_Your instructions_
Write out the records again exactly and exclude the pictures.

-------

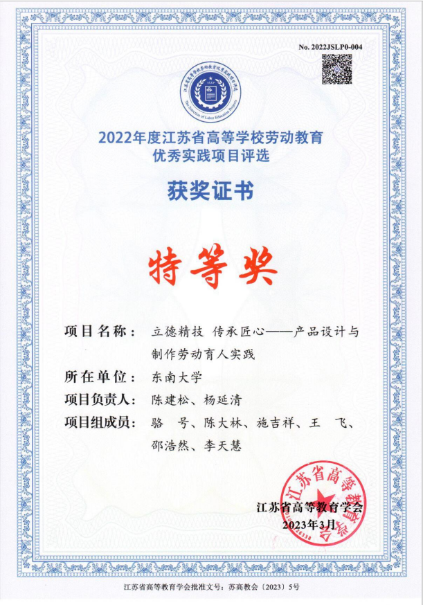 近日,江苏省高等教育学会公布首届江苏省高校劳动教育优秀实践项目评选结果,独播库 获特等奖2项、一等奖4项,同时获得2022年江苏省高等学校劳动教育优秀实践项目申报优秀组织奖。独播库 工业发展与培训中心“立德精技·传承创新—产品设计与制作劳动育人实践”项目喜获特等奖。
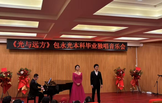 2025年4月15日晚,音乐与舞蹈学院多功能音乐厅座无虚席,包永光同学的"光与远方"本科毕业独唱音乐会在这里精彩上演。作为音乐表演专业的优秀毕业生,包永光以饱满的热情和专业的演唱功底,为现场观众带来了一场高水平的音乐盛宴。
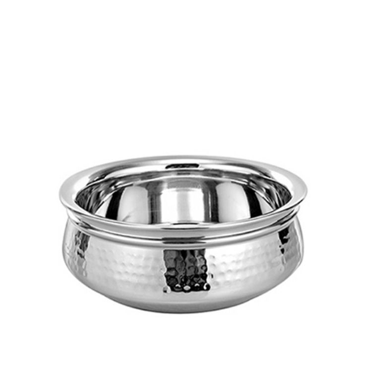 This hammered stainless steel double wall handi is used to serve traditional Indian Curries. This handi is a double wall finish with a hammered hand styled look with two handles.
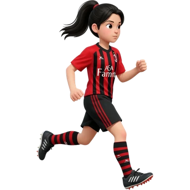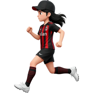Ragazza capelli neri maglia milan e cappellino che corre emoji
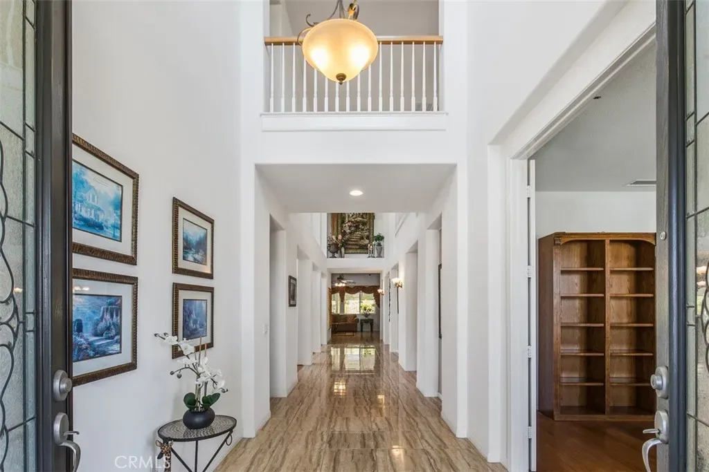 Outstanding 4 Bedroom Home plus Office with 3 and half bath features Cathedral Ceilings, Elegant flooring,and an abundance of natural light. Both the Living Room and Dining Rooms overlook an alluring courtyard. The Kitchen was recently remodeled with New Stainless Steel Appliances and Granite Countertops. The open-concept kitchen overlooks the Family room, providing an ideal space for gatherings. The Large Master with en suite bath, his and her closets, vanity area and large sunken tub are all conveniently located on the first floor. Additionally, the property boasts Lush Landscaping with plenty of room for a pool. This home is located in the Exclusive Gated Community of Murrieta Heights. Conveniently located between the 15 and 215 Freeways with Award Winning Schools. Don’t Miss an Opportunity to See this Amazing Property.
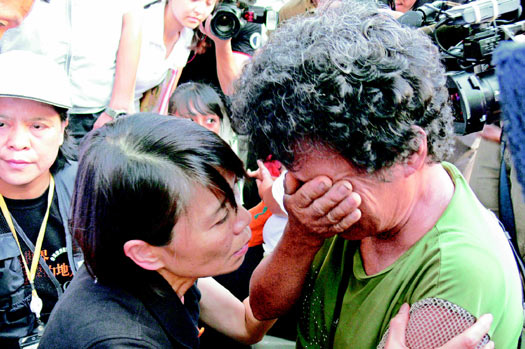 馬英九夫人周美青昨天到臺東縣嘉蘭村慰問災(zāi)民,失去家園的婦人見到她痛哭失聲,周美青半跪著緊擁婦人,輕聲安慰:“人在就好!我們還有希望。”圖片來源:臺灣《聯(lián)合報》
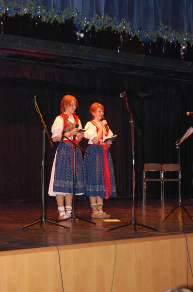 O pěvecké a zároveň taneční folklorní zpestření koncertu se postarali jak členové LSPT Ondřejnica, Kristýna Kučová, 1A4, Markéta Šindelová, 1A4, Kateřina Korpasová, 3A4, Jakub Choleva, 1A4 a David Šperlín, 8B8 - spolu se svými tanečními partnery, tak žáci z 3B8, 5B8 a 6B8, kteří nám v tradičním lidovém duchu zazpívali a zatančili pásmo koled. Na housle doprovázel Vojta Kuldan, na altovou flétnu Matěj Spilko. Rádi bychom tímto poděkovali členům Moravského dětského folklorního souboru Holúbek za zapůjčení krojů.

-------

_Solved problem_
 近日,江苏省高等教育学会公布首届江苏省高校劳动教育优秀实践项目评选结果,独播库 获特等奖2项、一等奖4项,同时获得2022年江苏省高等学校劳动教育优秀实践项目申报优秀组织奖。独播库 工业发展与培训中心“立德精技·传承创新—产品设计与制作劳动育人实践”项目喜获特等奖。
 2025年4月15日晚,音乐与舞蹈学院多功能音乐厅座无虚席,包永光同学的"光与远方"本科毕业独唱音乐会在这里精彩上演。作为音乐表演专业的优秀毕业生,包永光以饱满的热情和专业的演唱功底,为现场观众带来了一场高水平的音乐盛宴。
 This hammered stainless steel double wall handi is used to serve traditional Indian Curries. This handi is a double wall finish with a hammered hand styled look with two handles.
Ragazza capelli neri maglia milan e cappellino che corre emoji
 Outstanding 4 Bedroom Home plus Office with 3 and half bath features Cathedral Ceilings, Elegant flooring,and an abundance of natural light. Both the Living Room and Dining Rooms overlook an alluring courtyard. The Kitchen was recently remodeled with New Stainless Steel Appliances and Granite Countertops. The open-concept kitchen overlooks the Family room, providing an ideal space for gatherings. The Large Master with en suite bath, his and her closets, vanity area and large sunken tub are all conveniently located on the first floor. Additionally, the property boasts Lush Landscaping with plenty of room for a pool. This home is located in the Exclusive Gated Community of Murrieta Heights. Conveniently located between the 15 and 215 Freeways with Award Winning Schools. Don’t Miss an Opportunity to See this Amazing Property.
 馬英九夫人周美青昨天到臺東縣嘉蘭村慰問災(zāi)民,失去家園的婦人見到她痛哭失聲,周美青半跪著緊擁婦人,輕聲安慰:“人在就好!我們還有希望。”圖片來源:臺灣《聯(lián)合報》
 O pěvecké a zároveň taneční folklorní zpestření koncertu se postarali jak členové LSPT Ondřejnica, Kristýna Kučová, 1A4, Markéta Šindelová, 1A4, Kateřina Korpasová, 3A4, Jakub Choleva, 1A4 a David Šperlín, 8B8 - spolu se svými tanečními partnery, tak žáci z 3B8, 5B8 a 6B8, kteří nám v tradičním lidovém duchu zazpívali a zatančili pásmo koled. Na housle doprovázel Vojta Kuldan, na altovou flétnu Matěj Spilko. Rádi bychom tímto poděkovali členům Moravského dětského folklorního souboru Holúbek za zapůjčení krojů.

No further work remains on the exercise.